Intro to GeoInfo Generator#

Motivation#

Despite the fact that Depositar provides a convenient interface that allows users to select points, lines, or areas to describe the spatial aspects of their dataset, drawing a complex boundary such as a city boundary can be challenging. This challenge is amplified, especially for users who are not familiar with geographic information formats like geoJSON.

Below is the interactive map that Depositar apply:

Make this Notebook Trusted to load map: File -> Trust Notebook

Thus, we aims to develop a geographic information generator, to help users find the apporporiate wikidata keywords to describe their dataset.

Method#

In this seciton, we provide a 2-step pipeline to achieve the goal:

../../_images/geo_pipeline.png

Fig. 3 A pipeline for the keyword generator project#

Stpe 1: NER#

After obtaining the input metadata for the current dataset, we will utilize Named Entity Recognition (NER) on the input data to selectively extract words that could potentially correspond to Wikidata Q-items.

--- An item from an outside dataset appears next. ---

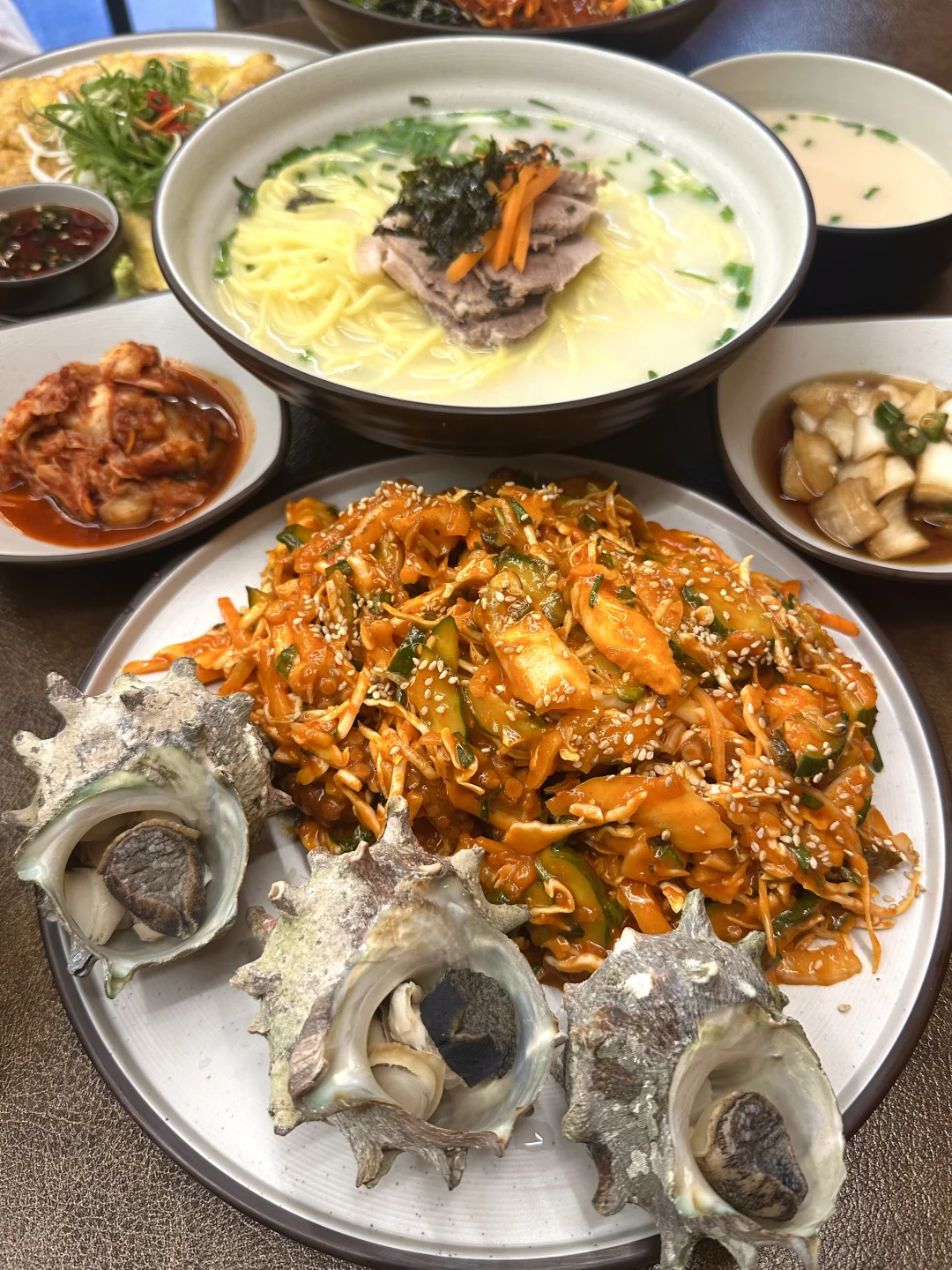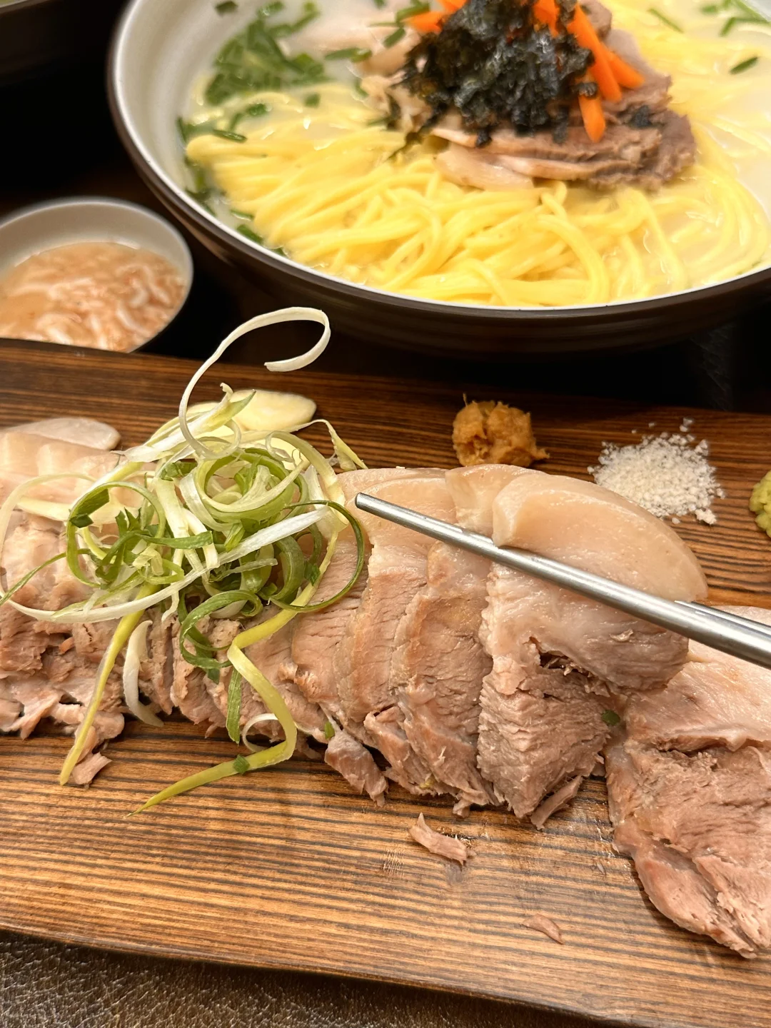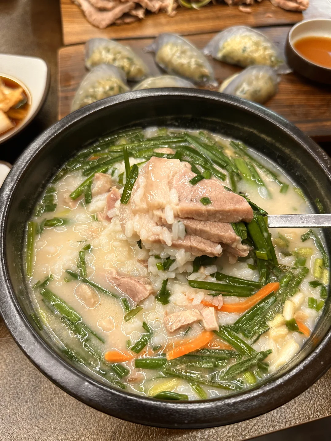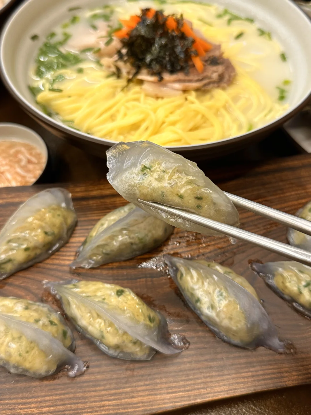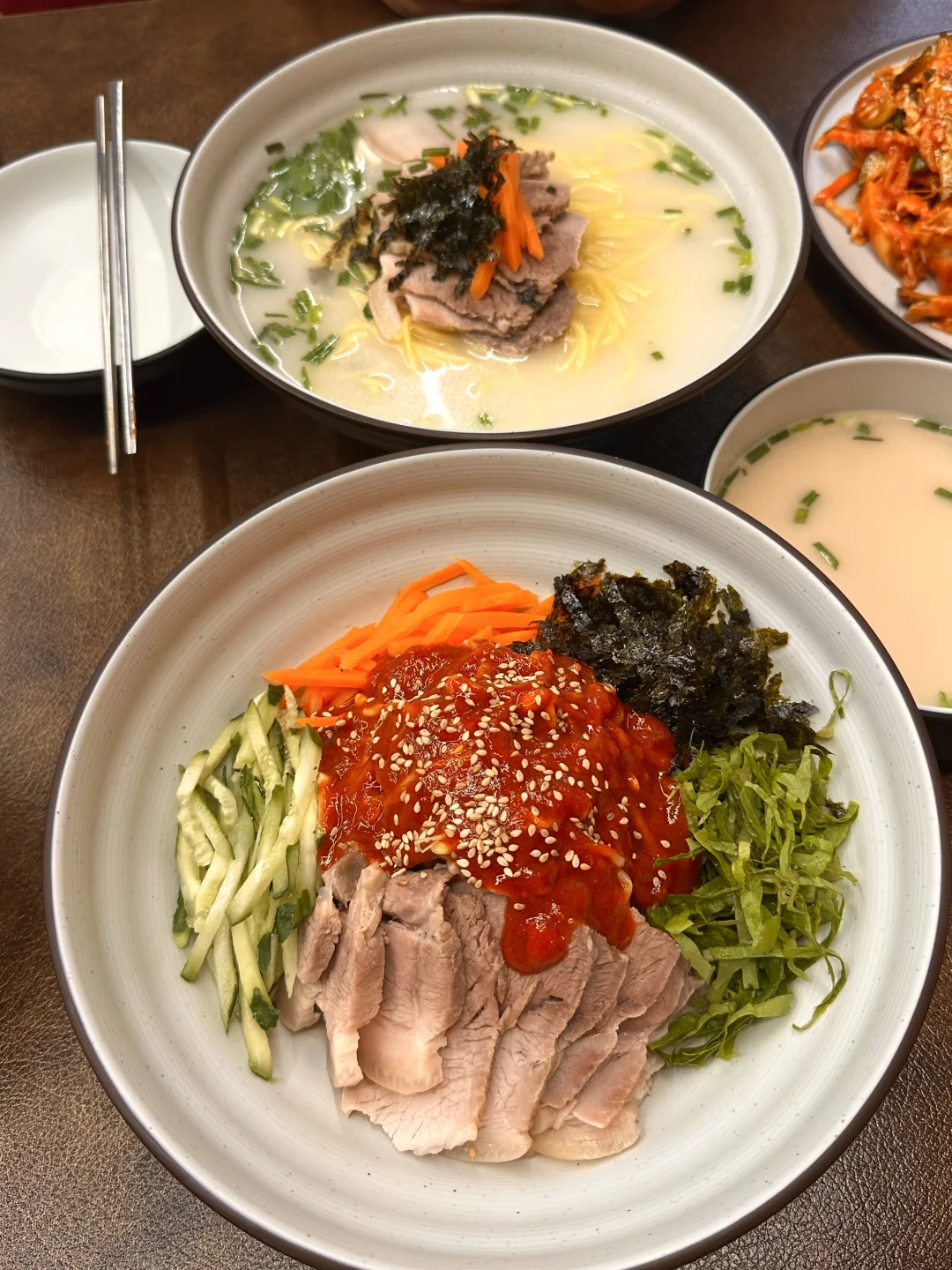 想吃清淡的来这家好吃的!!汤饭真的一绝,太对我的胃口了,非常养胃。面和汤饭的汤头是一样的,看个人爱吃面还是饭。 想要有味道一点可以要拌面,拌面🍜就是韩国辣酱的味道,就是正宗的韩国拉面。 他家猪肉真的很大片,一块真的满足🤣这个饺子🥟是真的好吃,皮薄薄的馅有很多!价格都很便宜,一碗差不多50左右,真的划算 🏠 衙朗面条

To achieve this goal, we will utilize the ckiplab/bert-base-chinese-ner NLP task model.

The ckiplab/bert-base-chinese-ner model is part of the CKIP Transformers project, which offers transformer models specifically designed for traditional Chinese language processing.

We have selected the ckiplab/bert-base-chinese-ner model due to its superior F1 score in NER when compared to other models provided by CKIP Lab.